O pai desse sujeito há mais de 30 anos vive por meio do dinheiro pago por contribuintes como minha mãe e meu pai. Recentemente disse que a dor deles é “mi, mi, mi”. Um presidente que, na contramão do mundo, prega, desde o início da pandemia, o lunático “tratamento precoce” que não tem efeito algum contra a Covid. Além disso, alardeia que são desnecessários o isolamento social e o uso de máscaras. Lutou fortemente contra a chegada da vacina e ainda se esforça muito para dificultar a vacinação. A lista de desumanidades de Jair Bolsonaro durante a pandemia é enorme. Impossível não pensar na diferença entre as famílias. A minha, martirizada pela dor, mas unida no amor, e a deles embriagada pela ilusão do poder e unida pelo ódio.
No Brasil, assim como minha família, quase 300 mil precisam conviver diariamente com o vazio da perda. Com a falta da voz, da risada, do cheiro, da presença. Nenhuma tabela ou gráfico pode mensurar as consequências que a morte gera. Nenhum cientista social, antropólogo ou cientista político pode descrever os danos. Imensurável é o estrago que essas mortes causaram. Quantas mães, filhos, filhas, esposos e esposas têm como maior desafio do dia levantar da cama, fazer café, almoçar, trabalhar…
Podem existir argumentos que tentam justificar a demora na vacinação; que tentam sustentar dúvidas quanto às posições políticas da Organização Mundial da Saúde; que tentam mostrar que imprensa e alguns governadores se aproveitam da pandemia para fins políticos. Mas não há argumento algum para tripudiar sobre a dor das famílias. Não há graça no choro das mães e das filhas. Nada justifica o prazer sobre os gritos aterrorizantes de quem sepulta um dos seus.
Porém, para mim, há um alento nisso tudo. Meu irmão foi grande. Não, na verdade foi gigante, fabuloso. Ele e minha cunhada criaram uma família linda. Um filho e duas filhas incríveis. Trabalhadores, pesquisadores. Lutadora pela inclusão das crianças com deficiência e, pasmem, uma estudiosa sobre a Covid-19. Meu irmão tem tanto orgulho de vocês… e eu também.

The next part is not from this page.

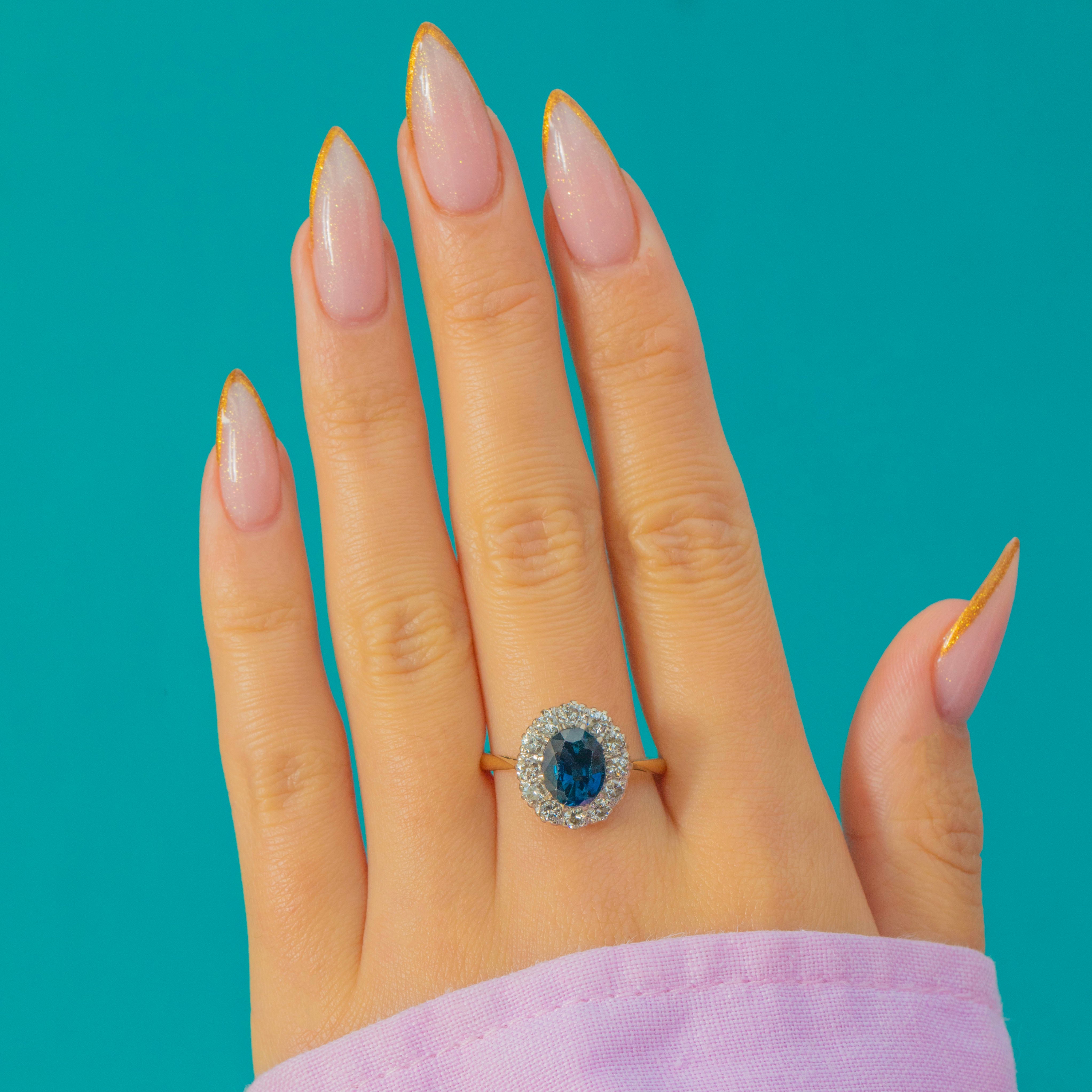 18ct Gold Sapphire Diamond Cluster Ring 2.00ct Natural Sapphire

Ah… Marcos Aurélio Pires foi gigante. Vocês não imaginam que prazer foi ter sido irmão desse sujeito. Lindo, grande, alegre, amoroso. Que presença meu Deus. Sua visita era capaz de sufocar qualquer mágoa, qualquer desespero. Não deixou a desejar em nenhum dos campos da vida. Partiu em paz. Sem mágoas, sem ressentimentos, sem dores.
Seu enterro foi próximo do meio dia, com o sol a pino. Um vento tão suave abraçava a todos nós. Ao lado de uma floresta de pinos jaz o seu corpo. Seu espírito, a meu ver, mergulha nas imensidões do universo neste momento. Aplausos. Família e amigos reconheciam, do fundo do coração e sem buscar nenhuma recompensa por isso, a grandeza dele. Se foi, mas fez tanto que nem o tempo poderá apagar seu legado.
Lamento por Bolsonaro e sua família. Nunca terão o amor verdadeiro. Todos que os cercam ou esperam vingança contra a esquerda, ou a oportunidade de se armar para confrontar o desafeto, há aqueles que aguardam um cargo, uma verba, um favor…
Meu irmão foi para o grande encontro com o universo. Gigante como sempre, deixou nos que aqui ficaram apenas o amor e a saudade…
PS: Um agradecimento especial a todos os profissionais de medicina que cuidaram dele. A todos os médicos e médicas, enfermeiros e enfermeiras. A todos e todas que trabalharam na limpeza da UTI onde ele estava para que infecções e outros males não o afetassem. Um agradecimento a todos os amigos que mandaram mensagens. E um agradecimento maior ainda às amigas que foram um pilar no qual me sustentei nesses dias difíceis.
À minha família posso dizer que fomos muito felizes ao lado do Marcos e que ele foi muito feliz ao nosso lado.